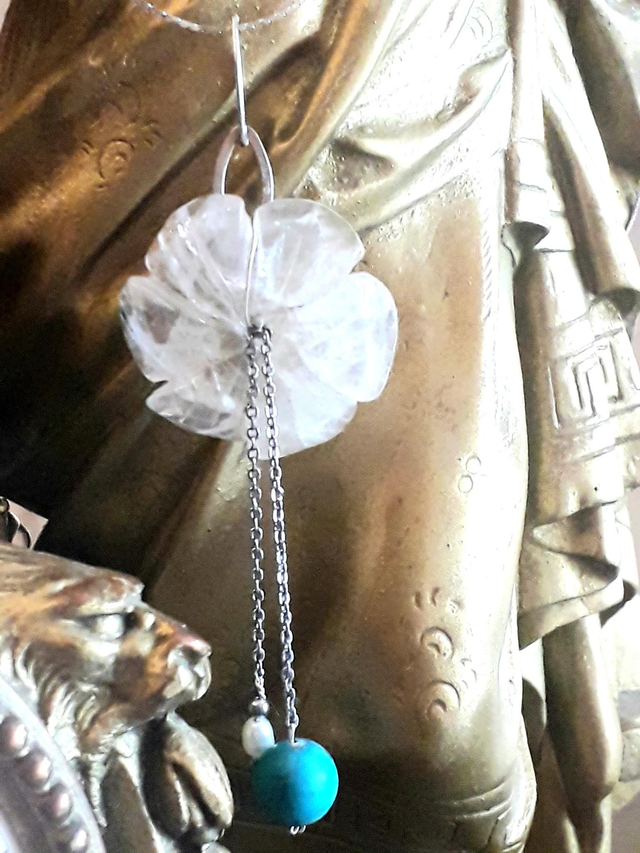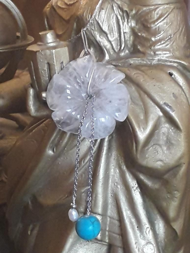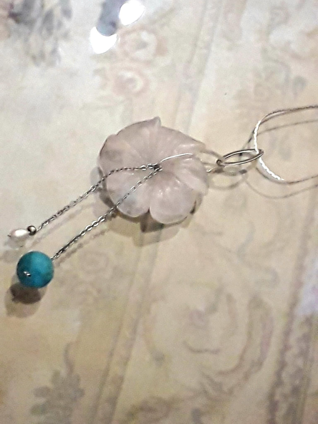 Pendentif quartz rose, turquoise, perle de culture, argent
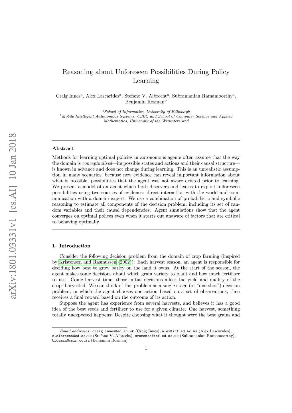 Reasoning about Unforeseen Possibilities During Policy Learning
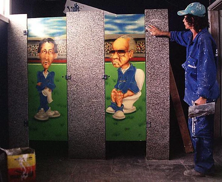 Мое мнение -Загалло создав в хорошем смысле монстра в период 1996-97 годов, умудрился при помощи Зико (для меня до сих пор загадка его назначение и необходимость в той команде, ну не оборону он приехал настраивать это точно) за три месяца до ЧМ спустить в унитаз почти все результаты своего труда. Так что на шаржи Ромарио на дверях туалетов в своем баре в общем-то грех жаловаться.
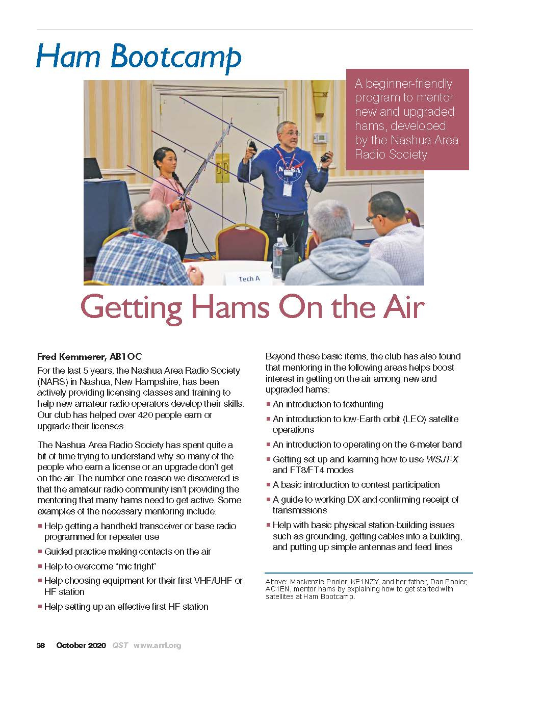 The winning article for the October 2020 QST Cover Plaque award is “Ham Bootcamp: Getting Hams On the Air” by Fred Kemmerer, AB1OC.
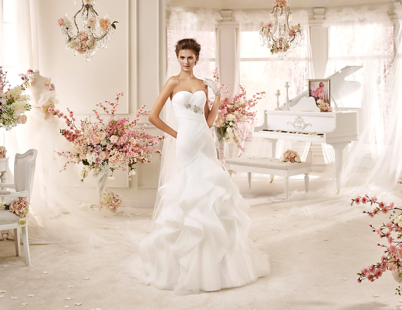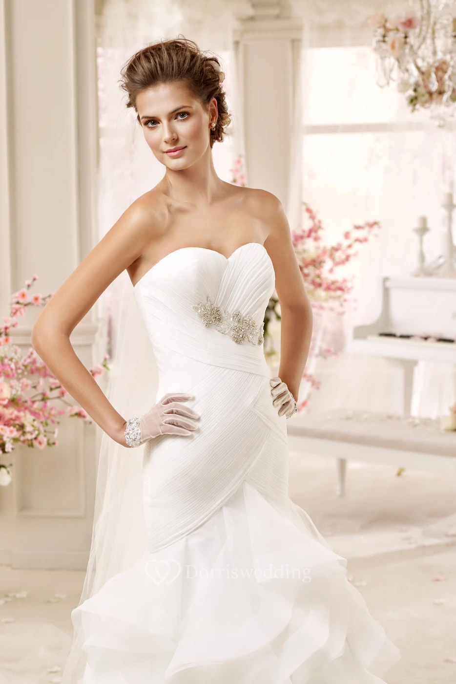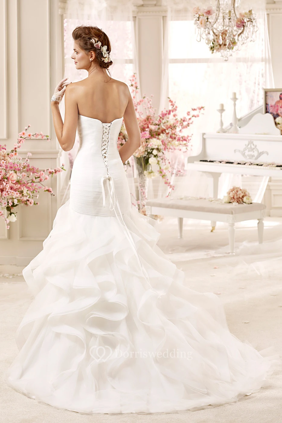 Sweetheart Sheath Pleated Wedding Dress with Cascading Ruffles and Lace-up Back
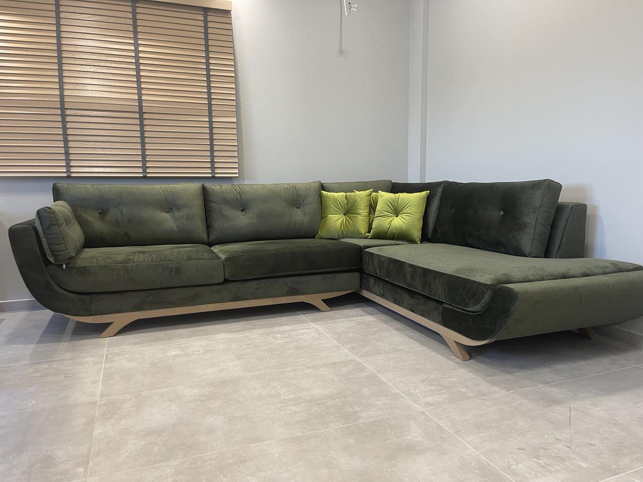 Γωνιακός καναπές Φένια με αδιάβροχο αλέκιαστο ύφασμα. Η ξύλινη μπάζα σε συνδυασμό με τα μπράτσα του σε σχήμα οβάλ είναι αυτό που το κάνει να ξεχωρίζει. Δυνατότητα κατασκευής 3θέσιο 2θέσιο κατόπιν τηλεφωνικής επικοινωνίας.
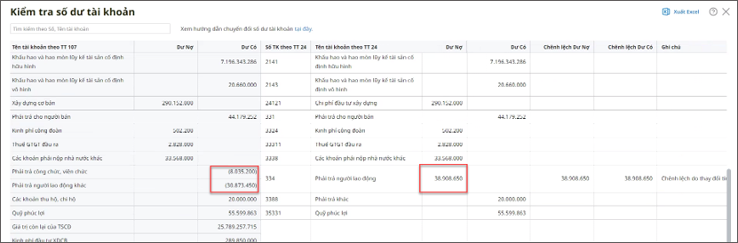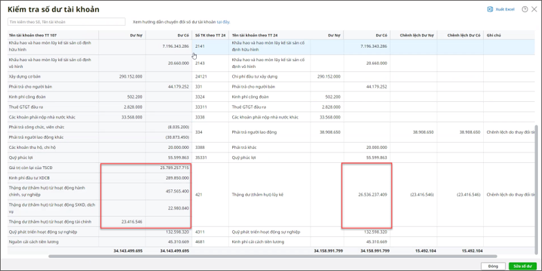 Bước 2: Thực hiện đối chiếu số dư tài khoản trên dữ liệu theo TT107 và dữ liệu sau khi cập nhật TT24 bằng cách:
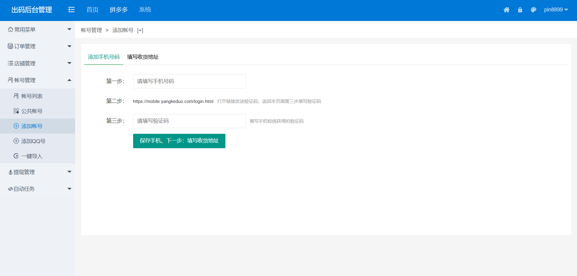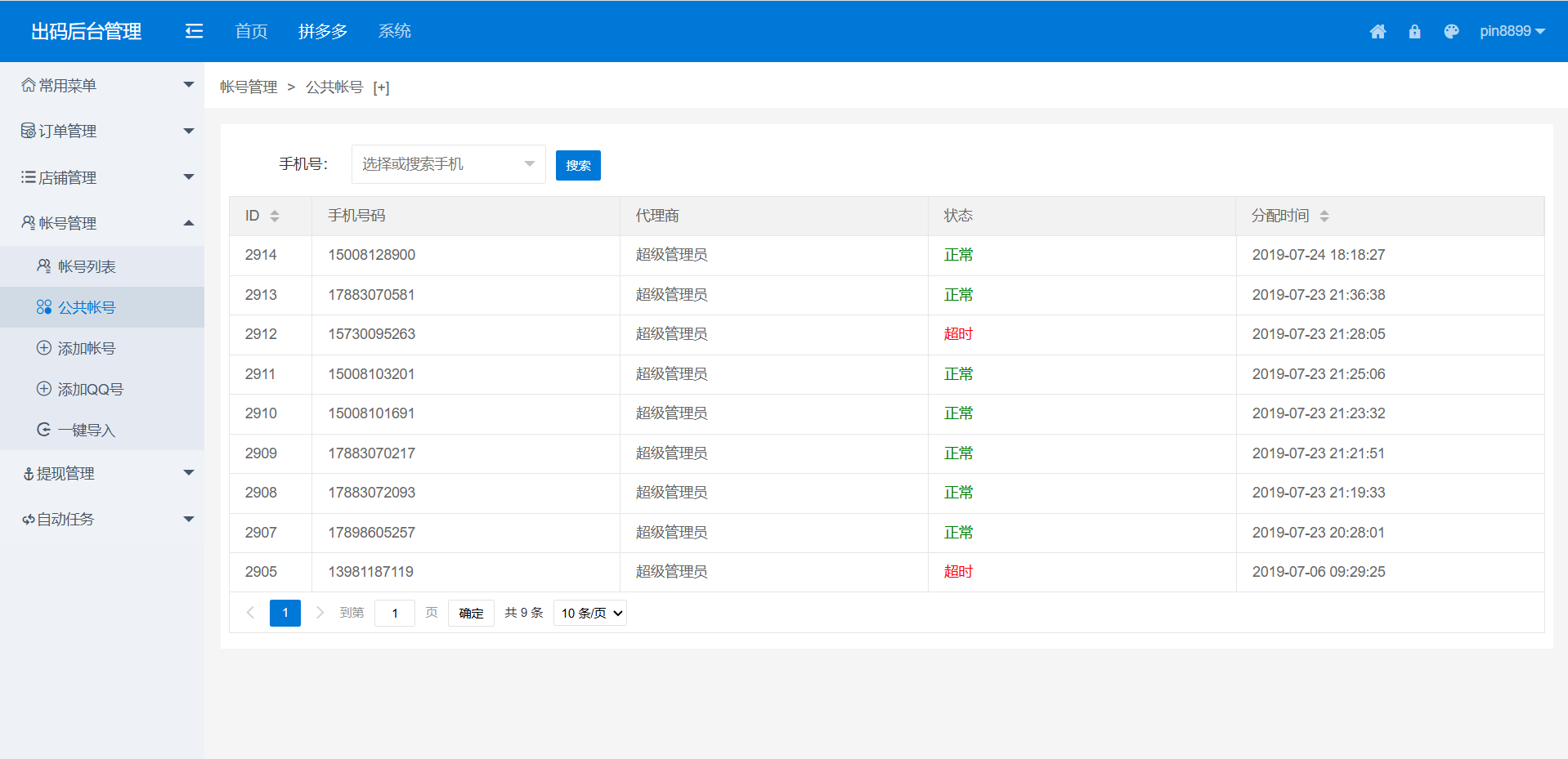 集成账号列表管理与公共账号池功能
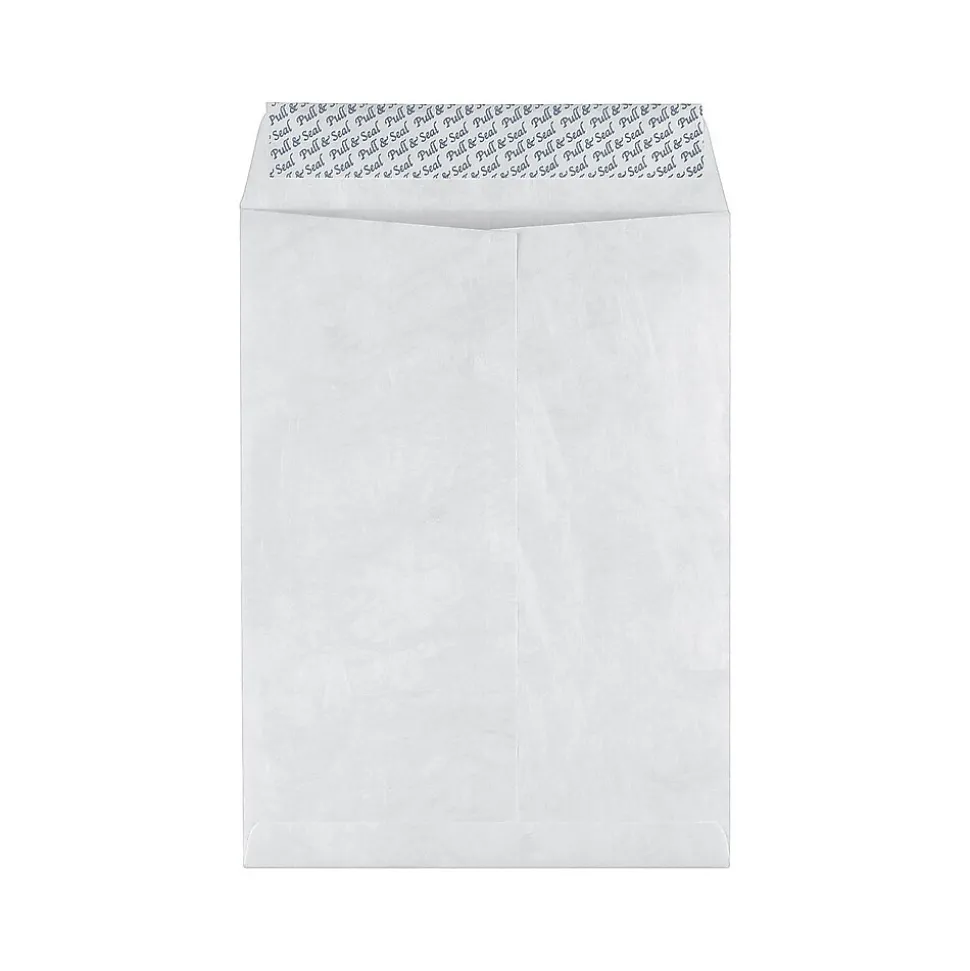 Ship paperwork, advertising materials or products with these Staples Tyvek catalog envelopes. The 14-pound white Tyvek resists tearing, punctures and moisture to protect envelope contents, and lightweight material lets you ship bulky mail without additional packaging weight. The QuickStrip closure of these Staples catalog envelopes provides a secure seal when you remove the strip and press down to close.
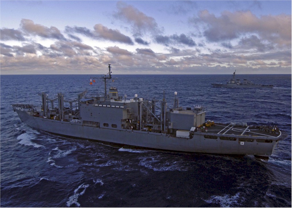| 182k | 041209-N-8539M-039. Pacific Ocean, December 9 2004, the Military Sealift Command (MSC) combat stores ship USNS Niagara Falls (T-AFS 3) and the guided-missile destroyer USS Benfold (DDG 65) prepare for an early morning replenishment at sea (RAS). Benfold, part of the Abraham Lincoln Strike Group is currently on a scheduled deployment to the Western Pacific Ocean. U.S. Navy photo by Photographer's Mate Airman Nicholas B. Morton. | Robert M. Cieri |
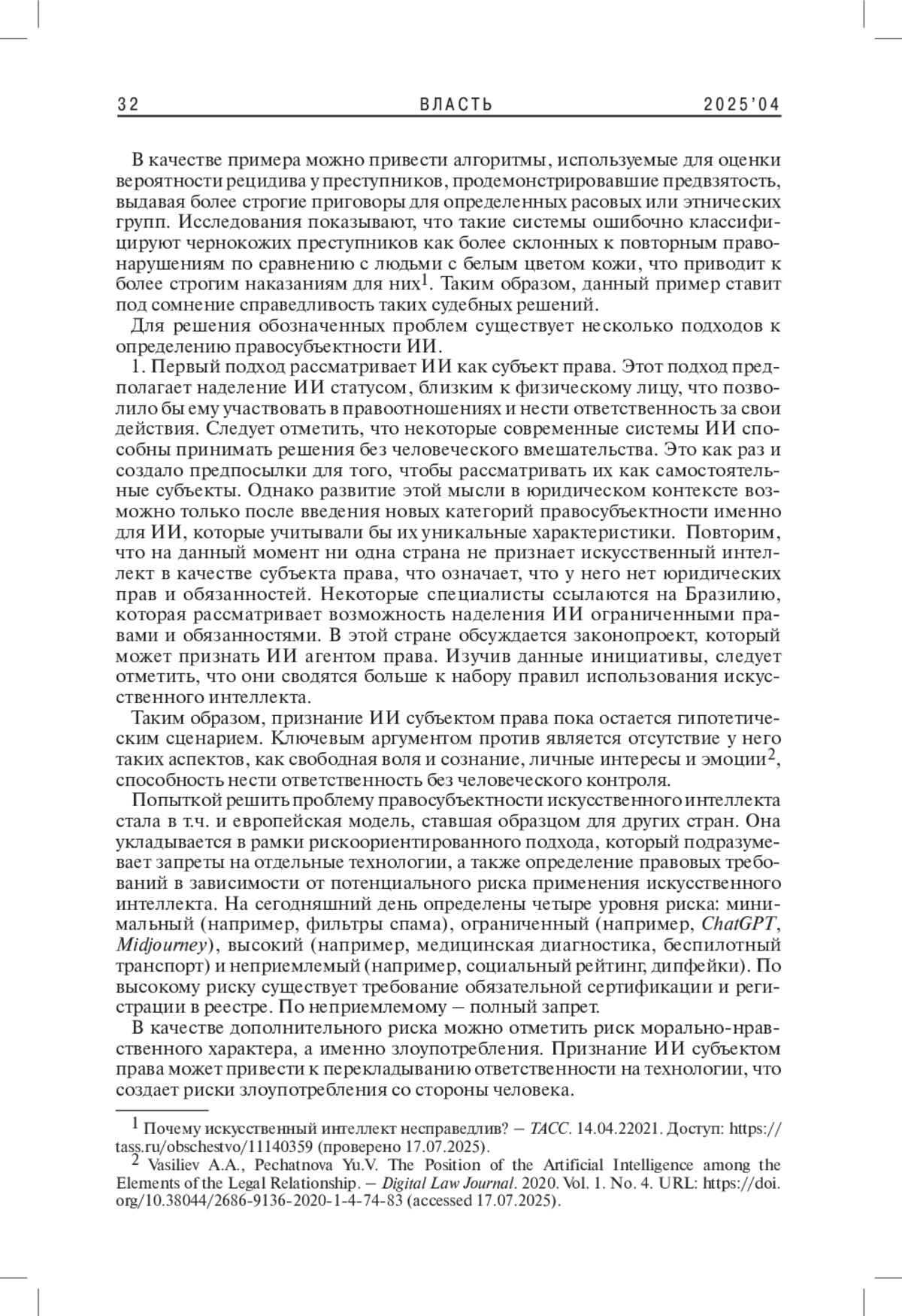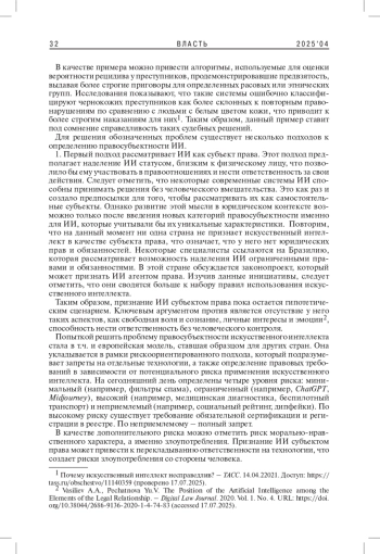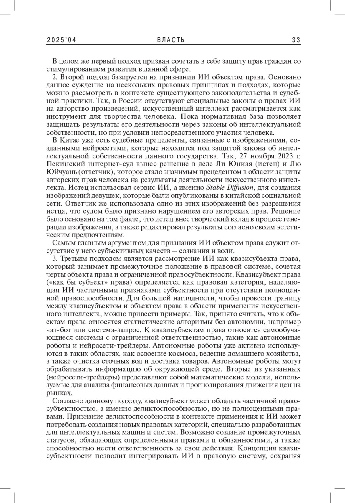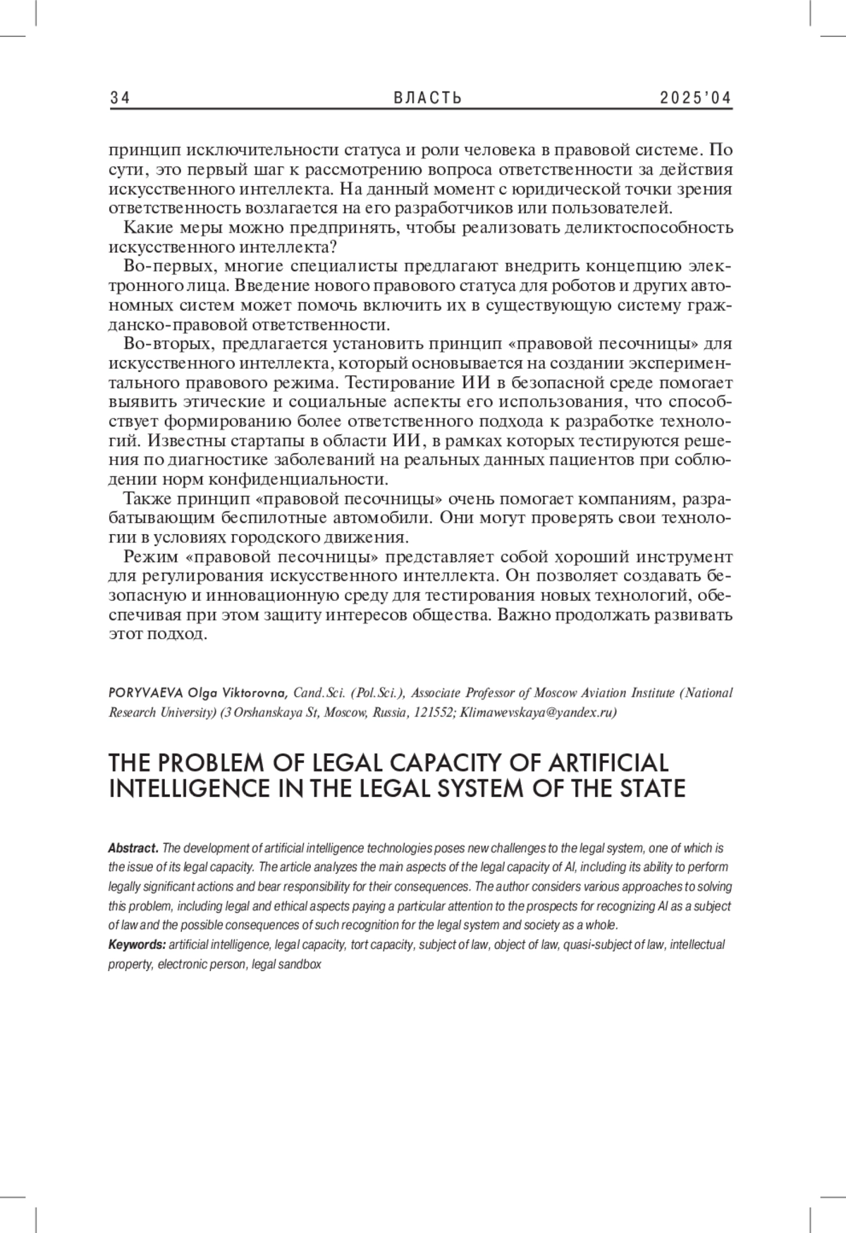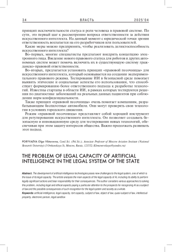 Развитие технологий искусственного интеллекта ставит перед правовой системой новые вызовы, одним из которых является вопрос о его правосубъектности. В статье анализируются основные аспекты правосубъектности ИИ, включая его способность совершать юридически значимые действия и нести ответственность за их последствия. Автор рассматривает различные подходы к решению этой проблемы, включая правовые и этические аспекты, уделяя особое внимание перспективам признания ИИ в качестве субъекта права и возможным последствиям такого признания для правовой системы и общества в целом.

———

Exercise objective: Would you copy, word for word, only the lines above from the one containing "Sweetheart Sheath Pleated" through the one containing "Ship paperwork, advertising", both included, and please leave out the pictures?

Task solution:
 Sweetheart Sheath Pleated Wedding Dress with Cascading Ruffles and Lace-up Back
 Γωνιακός καναπές Φένια με αδιάβροχο αλέκιαστο ύφασμα. Η ξύλινη μπάζα σε συνδυασμό με τα μπράτσα του σε σχήμα οβάλ είναι αυτό που το κάνει να ξεχωρίζει. Δυνατότητα κατασκευής 3θέσιο 2θέσιο κατόπιν τηλεφωνικής επικοινωνίας.
 Bước 2: Thực hiện đối chiếu số dư tài khoản trên dữ liệu theo TT107 và dữ liệu sau khi cập nhật TT24 bằng cách:
 集成账号列表管理与公共账号池功能
 Ship paperwork, advertising materials or products with these Staples Tyvek catalog envelopes. The 14-pound white Tyvek resists tearing, punctures and moisture to protect envelope contents, and lightweight material lets you ship bulky mail without additional packaging weight. The QuickStrip closure of these Staples catalog envelopes provides a secure seal when you remove the strip and press down to close.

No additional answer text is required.